──────── DATA TO USE ────────

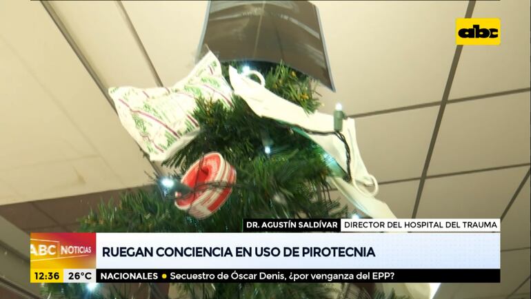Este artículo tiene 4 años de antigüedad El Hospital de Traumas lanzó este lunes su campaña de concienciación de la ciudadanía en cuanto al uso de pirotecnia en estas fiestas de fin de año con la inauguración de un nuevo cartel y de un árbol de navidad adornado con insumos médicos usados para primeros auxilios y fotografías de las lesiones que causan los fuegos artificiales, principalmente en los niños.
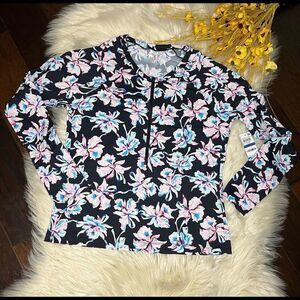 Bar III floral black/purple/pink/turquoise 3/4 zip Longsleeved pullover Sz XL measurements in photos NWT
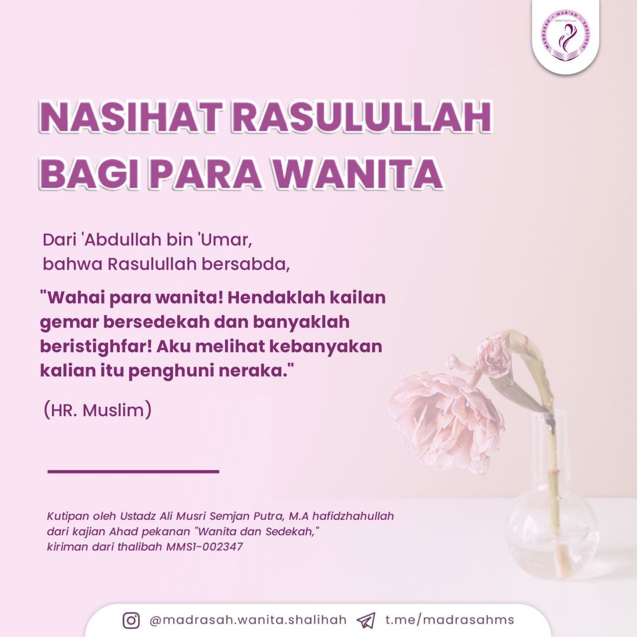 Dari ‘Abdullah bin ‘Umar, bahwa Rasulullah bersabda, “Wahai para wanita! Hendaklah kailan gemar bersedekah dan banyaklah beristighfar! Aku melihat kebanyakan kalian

────────
──────── DATA TO USE ────────

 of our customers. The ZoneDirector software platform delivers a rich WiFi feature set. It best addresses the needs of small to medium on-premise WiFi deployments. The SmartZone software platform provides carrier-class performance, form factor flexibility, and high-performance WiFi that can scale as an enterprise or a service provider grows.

────────

## TASK BRIEF
Only one stretch of the listing above is to be duplicated: the lines from the one containing "Este artículo tiene" through the one containing "Dari ‘Abdullah bin", both included. Copy them exactly, minus the pictures.

## TASK RESULT
Este artículo tiene 4 años de antigüedad El Hospital de Traumas lanzó este lunes su campaña de concienciación de la ciudadanía en cuanto al uso de pirotecnia en estas fiestas de fin de año con la inauguración de un nuevo cartel y de un árbol de navidad adornado con insumos médicos usados para primeros auxilios y fotografías de las lesiones que causan los fuegos artificiales, principalmente en los niños.
 Bar III floral black/purple/pink/turquoise 3/4 zip Longsleeved pullover Sz XL measurements in photos NWT
 Dari ‘Abdullah bin ‘Umar, bahwa Rasulullah bersabda, “Wahai para wanita! Hendaklah kailan gemar bersedekah dan banyaklah beristighfar! Aku melihat kebanyakan kalian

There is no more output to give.